Spotted bass in Claytor are generally smaller than the other black basses. They rarely reach 2 pounds in size. In fact, most anglers that think they are catching small largemouth bass are probably catching small spotted bass, particularly in the upper lake area (above Lighthouse Bridge) where spotted bass are more numerous.

Anglers fishing for black bass in the lake can use information collected on bass food habits during a recent study at Claytor Lake to select lures and techniques for these species. Smallmouth bass and spotted bass have very similar diets, with both relying mostly on crayfish. Techniques and lures that mimic crayfish are most likely to be successful in producing catches of these fish. Both of these bass species eat a lot of bluegill as well as some alewife and gizzard shad, so they may also hit lures that imitate fish. Largemouth bass diets are quite different than smallmouth and spotted bass diets, which may be one reason they are doing so well in the lake. Largemouth bass eat bluegill, alewife, gizzard shad, and crayfish, depending on the season of the year and whether these prey are abundant in a given year. Lures that imitate fish are the best choice for largemouth bass, but they may also hit crayfish imitations.


The Department maintains the striped bass population in Claytor Lake through annual stocking. The Department experimented with increased stocking rates for striped bass in Claytor Lake in 1998, 2001, and 2002. Doubling the stocking rate in 1998 and 2001, combined with good spawns of alewife and gizzard shad, has resulted in two prominent year classes of stripers in the lake. The 1998 stripers are now running from 28 to 32 inches in length and they weigh between seven and 12 pounds. The 2001 stripers are in the 15 to 18 inch range, so they will reach harvestable size in 2003. Recent sampling indicates that the some of the 2000 stripers will be represented in future catches at the lake. It is still too early to tell whether the 2002 stripers will produce similar numbers of adult fish to those from the 1998 and 2001 stockings.

Claytor Lake produced 15 certificate (more than 20 pounds or over 37 inches) stripers in 2001. At least one striper over thirty pounds in size is caught each year in this lake. Stripers can be caught year-round, although most anglers have their greatest success from late September through May. Water temperatures at or below 70 degrees seem to produce the best fishing.

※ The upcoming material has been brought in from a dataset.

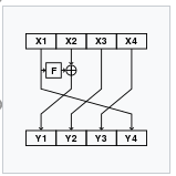 Яка розрядність (біт) однієї гілки мережі Фейстеля, зображеної на рисунку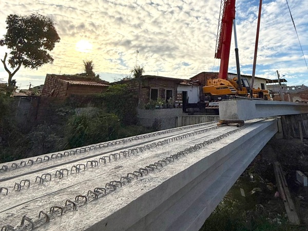 Na atual fase, está sendo concluída a execução das vigas longarinas, etapa fundamental para a posterior construção da laje de consolidação. A pavimentação em piso intertravado também está em ritmo acelerado, com cerca de 95% de conclusão, enquanto os serviços de drenagem já foram finalizados.

Recent striper diet studies at Claytor Lake showed that stripers rely mostly on alewife and gizzard shad. Therefore, it is no surprise that Claytor Lake anglers experience the best success using these species as bait. Gizzard shad and alewives are most easily caught using a cast net near the back ends of coves. Peak Creek is a great place for finding bait, but don’t overlook smaller coves in the lake. Many stripers are taken with topwater baits (Redfins, Rapalas, etc.) and bucktails in the spring and fall. Fish points and flats adjacent to deep water for best topwater action. Trolling bucktails in 20-60 feet of water can produce good catches.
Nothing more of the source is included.